1. Is there such a phenomenon as a "retroactive open market share split"?
2. If there is, and if you can express an opinion, why would a company undertake this convoluted route in lieu of selling treasury shares that have been purchased in the open market and which, through such purchases, are fully registered?
3. Also, if a "retroactive open market share split" exists, is there a regulatory paragraph that applies, and what is its number?
4. Is there such a thing as a "9-K"?
5. If there is, which regulation(s) apply?
6. If "9-K" filings exist, could you please identify some companies that have filed so one can see examples of this form? If not available on EDGAR, then how can one obtain copies?
7. Any relevant comments regarding this inquiry would also be appreciated.
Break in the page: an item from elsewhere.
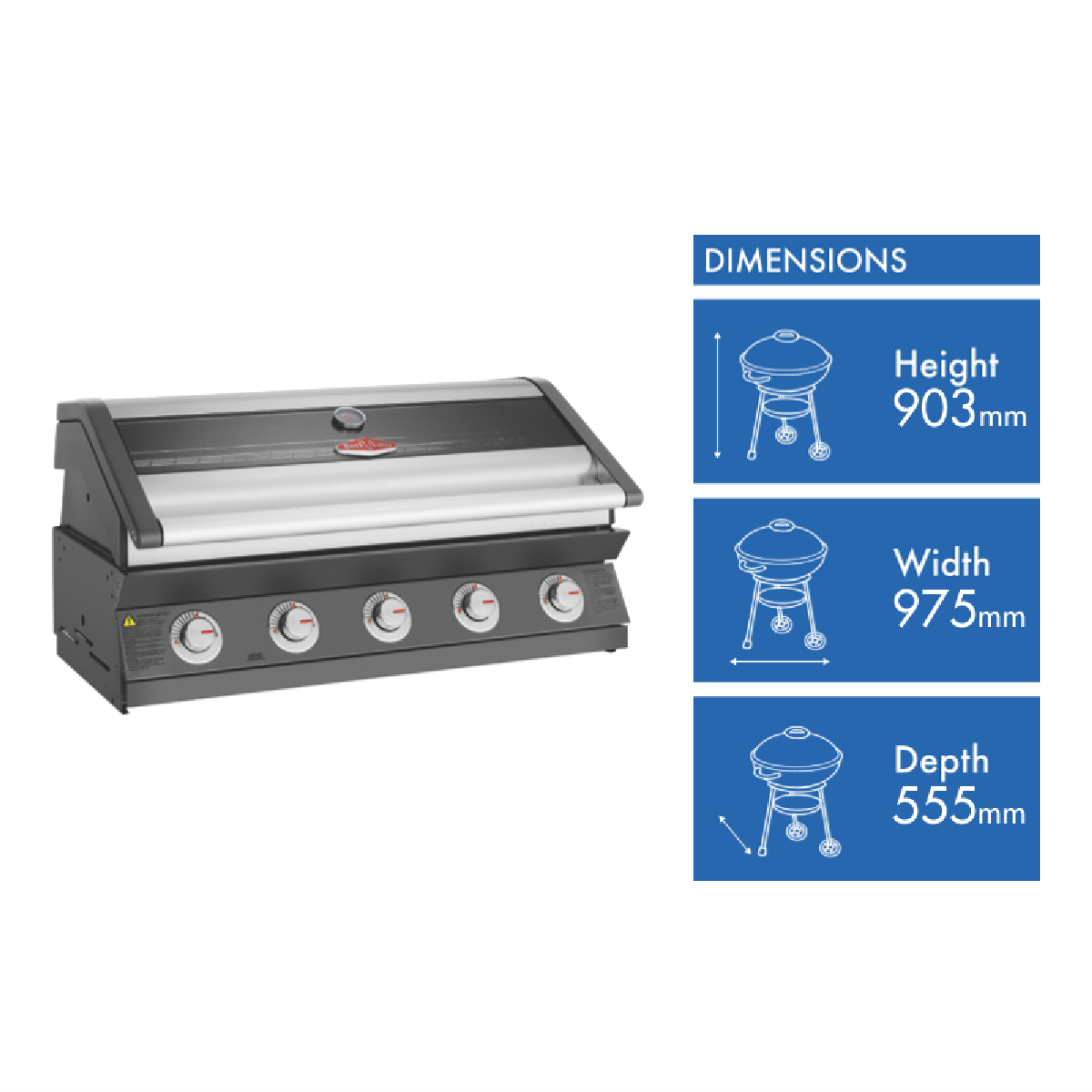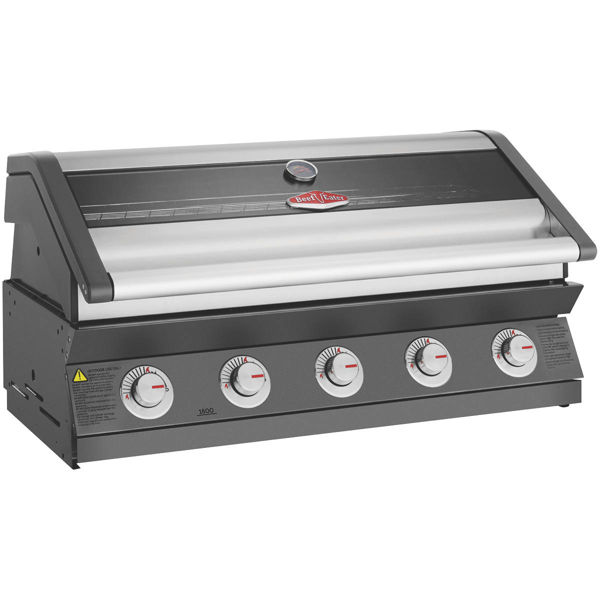This BeefEater 1600 Series Dark 5 Burner Built In BBQ w/ Cast Iron Burners & Grills BBG1650DA is one of the most durable flexible and efficient cooking systems available. Cast iron heats quickly maintains consistency and lasts a very long time. With 17MJ of power in each burner turning the heat up or down is precise and gives choice in what and how you cook it. Stainless steel vaporisers efficiently disperse the flames across the grill and plate surfaces whilst reducing flare ups. Cook up a feast for many for years to come on this spacious and durable cooktop. Made from cast iron the cooking surface doesn't chip and is rust resistant holding its warmth evenly for the best cooking experience. Keep an eye on what s cooking without lifting the lid using the built in temperature gauge and full width glass viewing window to check how those sausages or brisket are doing. The chrome wire elevated cooking rack keeps food warm or can be used as another cooking area. Start cooking quickly and easily with the quartz ignition system for first time every time sparking up. Built to withstand high heat over time the burner box is built of high grade enamel. Fully seam welded throughout moisture and grease don't get into the gaps creating rust. Designed for an easy cleanup the hotplate has raised sides preventing grease and oil over spilling drawing it instead to the plate opening and into the front access catchment tray.

Any answers you are kind enough to furnish will be posted to the above reference Yahoo IMNR board and to the IMNR board on Silicone Investor. In the event the above questions are not ones that your division is permitted to answer, would you kindly forward this request to your Freedom of Information Officer to handle.

Respectfully,

(Details withheld)

QUOTED YAHOO POSTING REFERRED TO, ABOVE:

This split has not yet been announced by the company. But I have been informed by sources close to the company that they have decided to perform what is termed as a "retroactive open market share split" (or "retro-split" by Wall Streeters) by some of the major investment banks as Goldman Sachs and Morgan Stanley. It is a cutting edge strategy that has been devised by companies that have had their stock under seige by short sellers. It was only permitted on American Exchange stocks with market caps of less than $500M until recently, when it finally approved for NASDAQ issues. In addition to the obvious corporate benefits, one of the original intents was to increase interest and volume on the ASE & NASDAQ.
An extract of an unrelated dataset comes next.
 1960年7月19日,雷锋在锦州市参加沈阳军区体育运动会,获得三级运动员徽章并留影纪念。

The way it works is the shares are driven down through open market dumping of treasury shares by the company at a time when short selling appears at a peak (also called "treasury draining"). The American Exchange or NASDAQ specialist is required to perform such transactions as "off-book transactions" to keep the activity from public view and to maintain the security of the event.
The SEC has instituted a reporting procedure with a new form 9-K in 1998. A private filing of Form 9-K must be made and the retro-split must take place within 6 months of the private filing. Within the 6 month time frame the company must publicly disclose by press release that the 9-K has been filed and the degree of the actual split.
At the time of the public disclosure the company is authorized to buy back the shares and deliver them as they have stated in their 9-K private filing (eg, 3:2, 3:1, 5:1). Since this is a new procedure strategized by the major investment banks, the data gathered is miniscule on the significant move up in stock price that should be experienced at the date of announcement.
A tell-tale sign that the private 9-K transaction is evolving is what is called an "8-K/9-K arbitrage". A company will announce a "stock repurchase program" through an 8-K filing. This is a classic symptom of the underlying private 9-K taking place.
My sources tell me that the company has indeed privately filed a 9-K for the 5 for 1 retro-split.

The major positive effects upon announcement on the market values of shareowners is obvious. But what has been the substance of heated debate within the SEC is the fact that profits are, by regulation, retroactively extracted from short sellers within this 6 month period. In other words, in this case, should a short seller have taken his initial position sold short at say, 19, and covered at say 14, he is only entitled to 1/5 or 20% of the perceived profit. That is, under the 1998 amendment to SEC Regulation T, in this case that short seller would only be entitled to 1.0 points of his perceived 5 point profit. If there are any short sellers whose accounts have been tagged by the Reorg Department of their brokerage house, please let me know. Typically, a capital "R/S" will be placed next to the stock position on the statement even though it has been closed out. Your SMA balance will not be as large as you expected until the completion of the retro-split. If you have this, then it will confirm my information.